*What the exercise asks*: Starting at the line that has "ライ麦パンに 🟥マヨ+グラニ" and stopping after the line that has "Behavioral and Physical", reproduce the listing below exactly; omit everything else.

*Input data*:
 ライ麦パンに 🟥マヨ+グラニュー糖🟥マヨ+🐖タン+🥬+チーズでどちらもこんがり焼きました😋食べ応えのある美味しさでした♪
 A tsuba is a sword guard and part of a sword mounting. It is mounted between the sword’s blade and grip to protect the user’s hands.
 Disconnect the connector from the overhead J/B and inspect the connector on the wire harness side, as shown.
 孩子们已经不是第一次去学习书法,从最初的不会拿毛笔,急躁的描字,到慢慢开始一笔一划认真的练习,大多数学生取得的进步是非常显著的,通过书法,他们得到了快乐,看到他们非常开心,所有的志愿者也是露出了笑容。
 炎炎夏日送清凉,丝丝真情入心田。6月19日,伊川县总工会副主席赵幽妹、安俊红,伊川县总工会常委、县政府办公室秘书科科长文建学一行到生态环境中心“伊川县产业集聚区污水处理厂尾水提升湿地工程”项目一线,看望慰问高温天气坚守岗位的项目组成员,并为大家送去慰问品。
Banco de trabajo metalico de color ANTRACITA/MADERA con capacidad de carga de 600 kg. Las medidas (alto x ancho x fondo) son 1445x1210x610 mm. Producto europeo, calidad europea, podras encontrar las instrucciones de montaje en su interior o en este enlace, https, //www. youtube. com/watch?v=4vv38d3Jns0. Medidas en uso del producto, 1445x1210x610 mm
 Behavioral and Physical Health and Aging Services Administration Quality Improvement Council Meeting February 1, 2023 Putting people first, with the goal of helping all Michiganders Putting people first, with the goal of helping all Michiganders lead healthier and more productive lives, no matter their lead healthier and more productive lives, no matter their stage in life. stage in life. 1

---

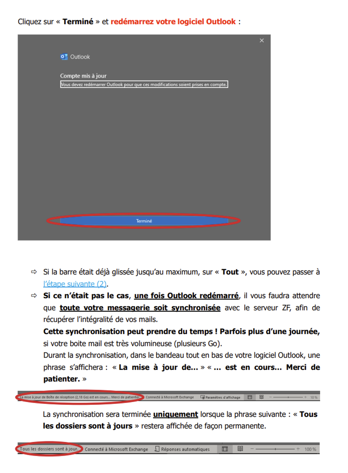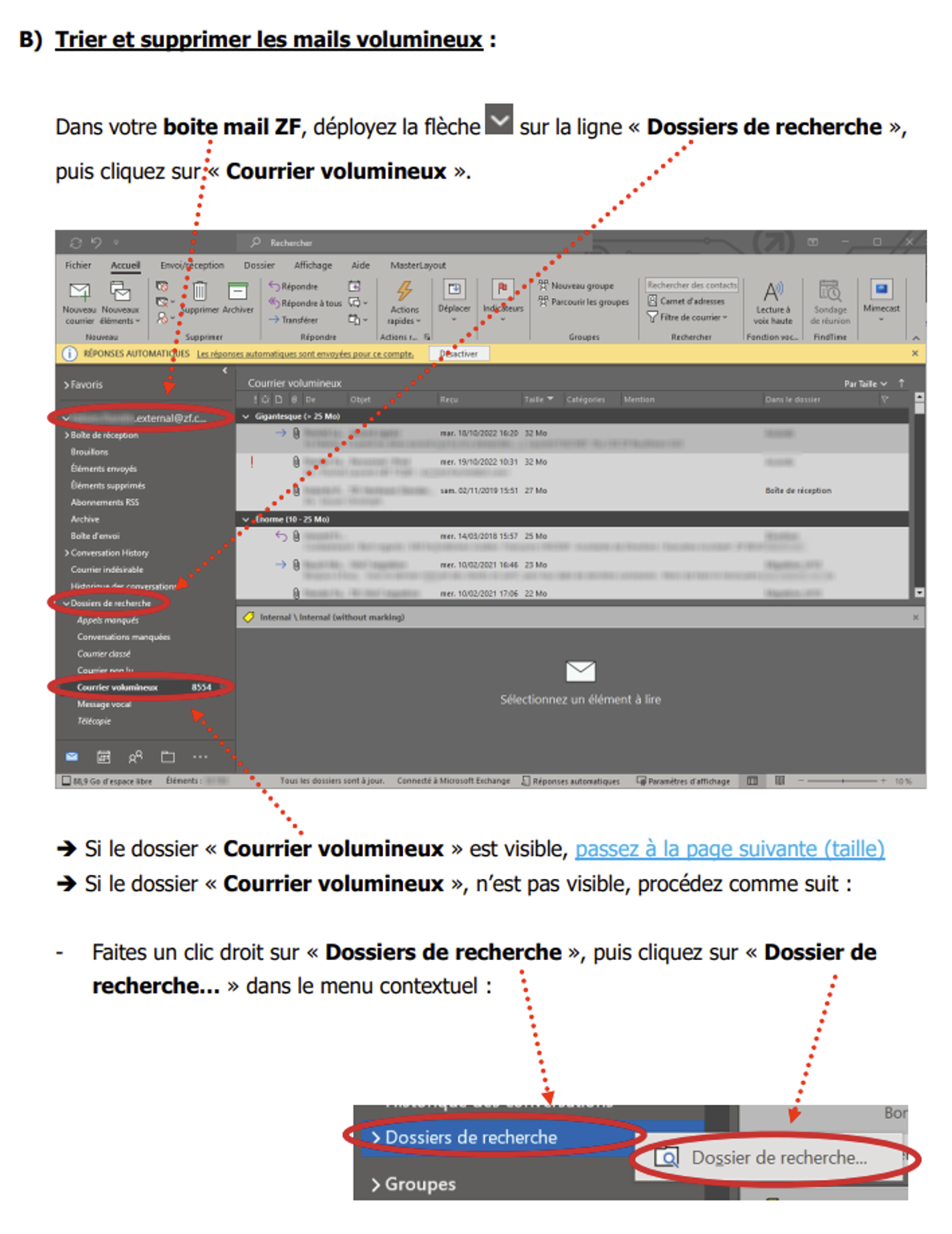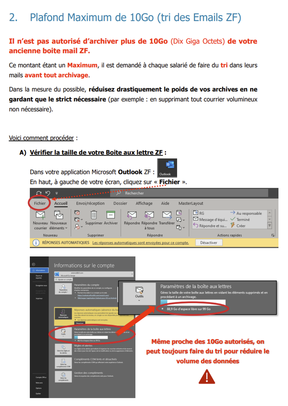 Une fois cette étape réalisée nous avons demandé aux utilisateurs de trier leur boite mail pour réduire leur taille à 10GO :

*Task response*:
 ライ麦パンに 🟥マヨ+グラニュー糖🟥マヨ+🐖タン+🥬+チーズでどちらもこんがり焼きました😋食べ応えのある美味しさでした♪
 A tsuba is a sword guard and part of a sword mounting. It is mounted between the sword’s blade and grip to protect the user’s hands.
 Disconnect the connector from the overhead J/B and inspect the connector on the wire harness side, as shown.
 孩子们已经不是第一次去学习书法,从最初的不会拿毛笔,急躁的描字,到慢慢开始一笔一划认真的练习,大多数学生取得的进步是非常显著的,通过书法,他们得到了快乐,看到他们非常开心,所有的志愿者也是露出了笑容。
 炎炎夏日送清凉,丝丝真情入心田。6月19日,伊川县总工会副主席赵幽妹、安俊红,伊川县总工会常委、县政府办公室秘书科科长文建学一行到生态环境中心“伊川县产业集聚区污水处理厂尾水提升湿地工程”项目一线,看望慰问高温天气坚守岗位的项目组成员,并为大家送去慰问品。
Banco de trabajo metalico de color ANTRACITA/MADERA con capacidad de carga de 600 kg. Las medidas (alto x ancho x fondo) son 1445x1210x610 mm. Producto europeo, calidad europea, podras encontrar las instrucciones de montaje en su interior o en este enlace, https, //www. youtube. com/watch?v=4vv38d3Jns0. Medidas en uso del producto, 1445x1210x610 mm
 Behavioral and Physical Health and Aging Services Administration Quality Improvement Council Meeting February 1, 2023 Putting people first, with the goal of helping all Michiganders Putting people first, with the goal of helping all Michiganders lead healthier and more productive lives, no matter their lead healthier and more productive lives, no matter their stage in life. stage in life. 1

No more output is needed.